--- START ---

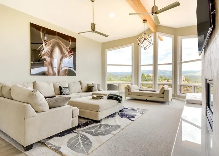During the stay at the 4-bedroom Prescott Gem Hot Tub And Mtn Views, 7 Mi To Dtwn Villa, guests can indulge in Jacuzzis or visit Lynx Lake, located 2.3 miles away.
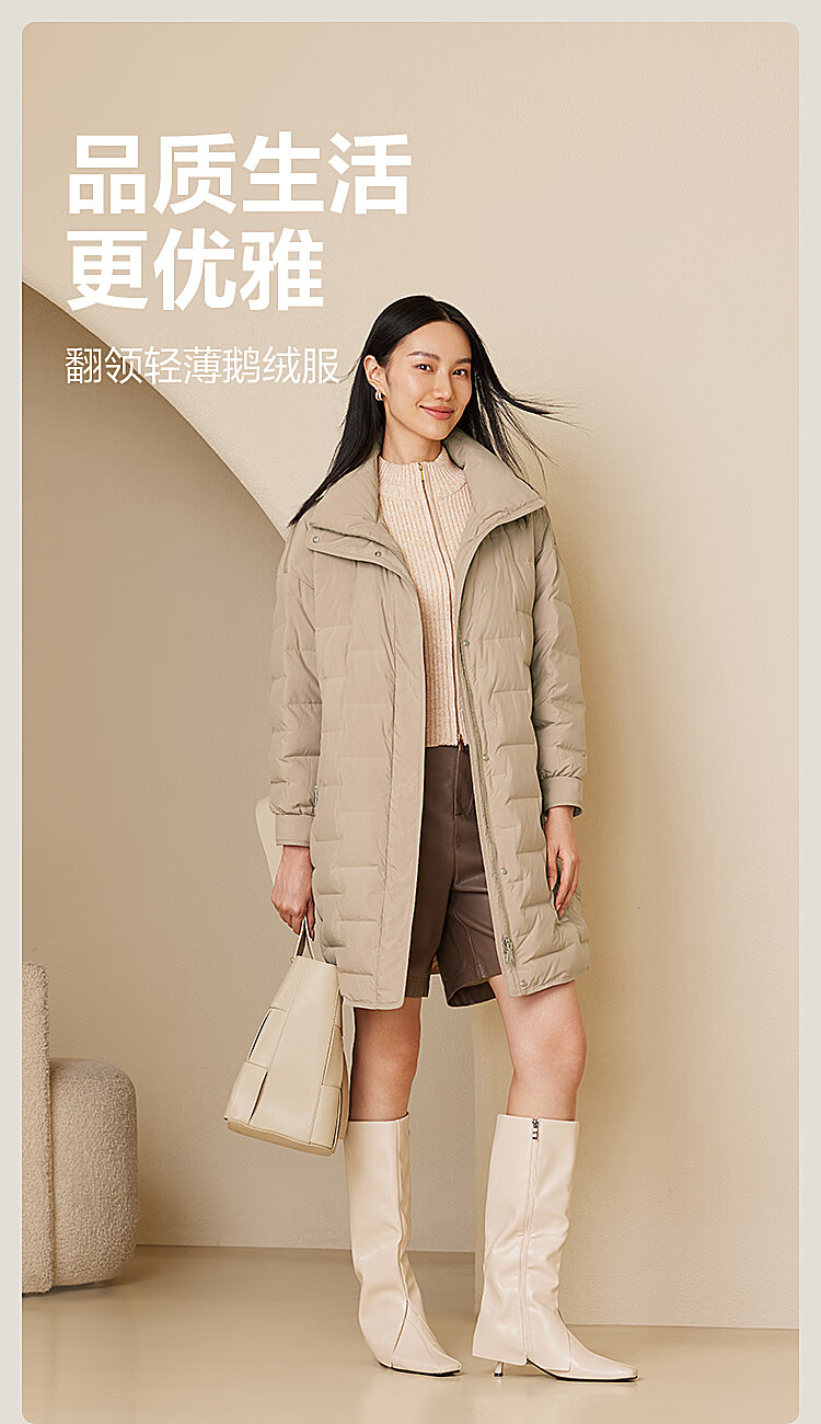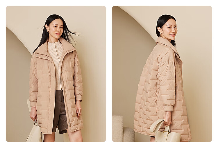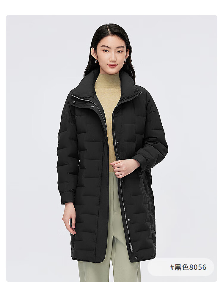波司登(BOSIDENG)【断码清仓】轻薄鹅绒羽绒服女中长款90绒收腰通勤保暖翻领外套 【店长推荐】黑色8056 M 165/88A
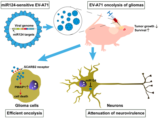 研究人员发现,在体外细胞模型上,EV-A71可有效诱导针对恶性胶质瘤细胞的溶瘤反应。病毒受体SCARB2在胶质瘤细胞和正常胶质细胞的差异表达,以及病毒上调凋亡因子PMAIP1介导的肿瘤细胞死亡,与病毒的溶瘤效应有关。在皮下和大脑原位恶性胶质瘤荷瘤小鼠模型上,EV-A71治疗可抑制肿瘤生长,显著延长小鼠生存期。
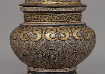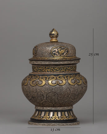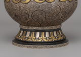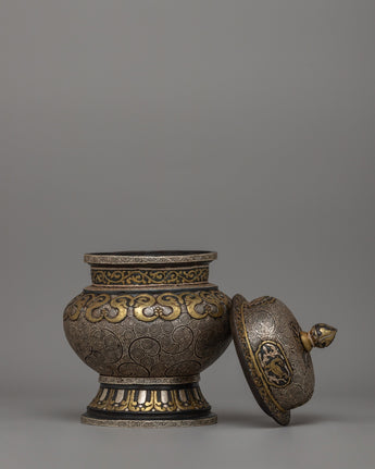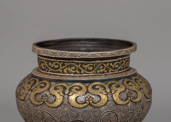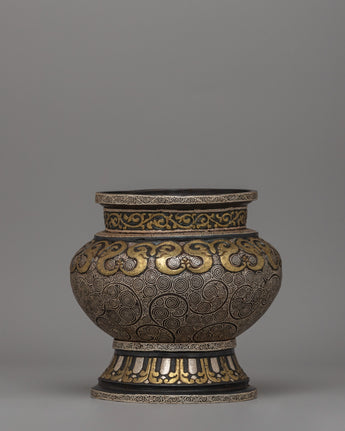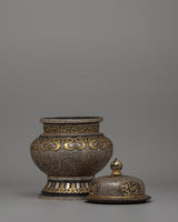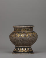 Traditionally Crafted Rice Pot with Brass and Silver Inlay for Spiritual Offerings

--- END ---

What is expected>
Exactly the lines running from the one with "波司登(BOSIDENG)【断码清仓】轻薄鹅绒羽绒服女中长款90绒收腰通勤保暖翻领外套 【店长推荐】黑色8056 M" through the end of the listing above must be output, both ends included. No pictures belong in the output.

Answer to this exercise>
波司登(BOSIDENG)【断码清仓】轻薄鹅绒羽绒服女中长款90绒收腰通勤保暖翻领外套 【店长推荐】黑色8056 M 165/88A
 研究人员发现,在体外细胞模型上,EV-A71可有效诱导针对恶性胶质瘤细胞的溶瘤反应。病毒受体SCARB2在胶质瘤细胞和正常胶质细胞的差异表达,以及病毒上调凋亡因子PMAIP1介导的肿瘤细胞死亡,与病毒的溶瘤效应有关。在皮下和大脑原位恶性胶质瘤荷瘤小鼠模型上,EV-A71治疗可抑制肿瘤生长,显著延长小鼠生存期。
 Traditionally Crafted Rice Pot with Brass and Silver Inlay for Spiritual Offerings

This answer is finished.